O Punhal Desembainhado
Na penumbra do amanhecer, antes mesmo de o sol se esgueirar pelas frestas da janela, um punhal verde e amarelo tremulava silencioso, carregado de intenções que nunca pediram licença à Democracia. No centro desse enredo kafkiano, os “kids pretos”, não mais crianças, mas homens fardados, brincavam de golpe de Estado como quem joga dama com pedras roubadas do tabuleiro da justiça.
Militares das forças especiais, outrora heróis de guerras silenciosas, agora arquitetavam tragédias barulhentas. Enquanto o café esfriava nas xícaras das repartições, planos eram digitados em mensagens criptografadas, discutidos em aplicativos cujo nome soava como senha de espião de cinema: Signal. Codinomes exaltavam nações — Alemanha, Áustria, Japão —, mas a brasilidade que carregavam tinha mais de conspiração do que de carnaval.

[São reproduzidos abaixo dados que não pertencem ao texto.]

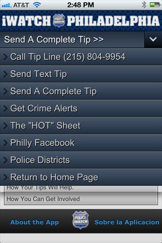 iWatch Philadelphia puts crime tipping and crime reporting into the palm of your hand, allowing individuals to get crime information and submit crime tips to law enforcement on their cell phones or PDAs. It is provided free of charge by the Philadelphia Police Department, and helps citizens support the Department of Homeland Security agenda, See Something, Say Something.

O que se passou na mente do general Mario Fernandes quando imprimiu aquele plano no Palácio do Planalto? Talvez acreditasse que a tinta oficial transformava crimes em bravatas. Sob o título “Punhal Verde e Amarelo”, brotava o tipo de literatura que nem Kafka ousaria rascunhar. Um script que misturava lança-granadas com envenenamento estratégico, batizando alvos com nomes prosaicos: Jeca, Joca e Juca. Não era um folhetim policial. Era a distopia sendo escrita com a precisão de um manual de operação militar.
E o que dizer do diálogo nos estacionamentos? Um “Tô na posição”, seguido de um “Abortar… volta para o local de desembarque”. Parecia uma cena de filme de ação mal roteirado, onde os vilões se atrapalham mais do que os mocinhos. Mas ali não havia glamour de Hollywood. Havia, sim, o potencial para tragédias reais, dessas que fazem a democracia cambalear, mas nunca cair de vez.
Na mesa do ministro Alexandre de Moraes, as evidências se empilhavam: mensagens, rastros digitais, chips de celulares registrados em nomes de terceiros, locações de veículos. Cada papel, cada arquivo recuperado era um tijolo a mais no muro da verdade, que os investigados tentavam escalar com as unhas sujas de clandestinidade.
Os “kids pretos” foram pegos. Não em campo de batalha, mas em sua própria rede de paranoias e arrogâncias. Talvez ainda acreditem que o verde e amarelo lhes dá salvo-conduto para ações que subvertem a própria pátria que juraram defender. Ironia das grandes: enquanto pensavam ser estrategistas de um novo Brasil, tornaram-se apenas notas de rodapé na história.
Na manhã dessa terça-feira, a Operação Contragolpe mostrou que o punhal foi desembainhado, mas ficou cego. Não cortou as amarras da democracia. Apenas revelou o quão longe alguns são capazes de ir quando se perdem na escuridão de suas ideologias. O que resta agora é a luz do sol — esse juiz implacável que, mais cedo ou mais tarde, ilumina até os cantos mais obscuros de qualquer conspiração.
O grupo que trocou as estrelas do uniforme por sombras no currículo. Entre eles, Mario Fernandes, um general de brigada da reserva, com uma carreira que o levou do campo de treinamento ao coração do poder. Foi secretário-executivo da Presidência no governo Bolsonaro, uma posição estratégica onde se ouve mais do que se fala. E ele ouviu, muito. Talvez mais do que deveria.
Do lado dele, Helio Ferreira Lima, tenente-coronel, um sujeito acostumado a coordenar, organizar, pensar a frente. Certamente alguém que entende de mapas, de estratégias, de logística. Talvez não tenha imaginado que, um dia, ele mesmo seria mapeado e rastreado.
Já os dois majores — Rodrigo Bezerra Azevedo e Rafael Martins de Oliveira — têm outra pegada. São a força executora, braços treinados para agir sem hesitação. Rafael, ao que parece, era mais do que um simples executor: era apontado como o cérebro operacional do plano. Major por formação, estrategista por ambição, líder por convicção própria.
Por fim, Wladimir Matos Soares, policial federal. Um homem que, ao vestir o distintivo, assumiu um compromisso com a lei. Mas, pelo que se apurou, resolveu torcê-la, ou dobrá-la ao seu favor. Um elo inesperado entre a legalidade e o desejo de subvertê-la.
Todos eles, ao que parece, queriam reescrever as regras do jogo. Homens com histórias, medalhas, famílias. Homens que conheceram a linha fina que separa o dever da obsessão. Passaram do lado de lá.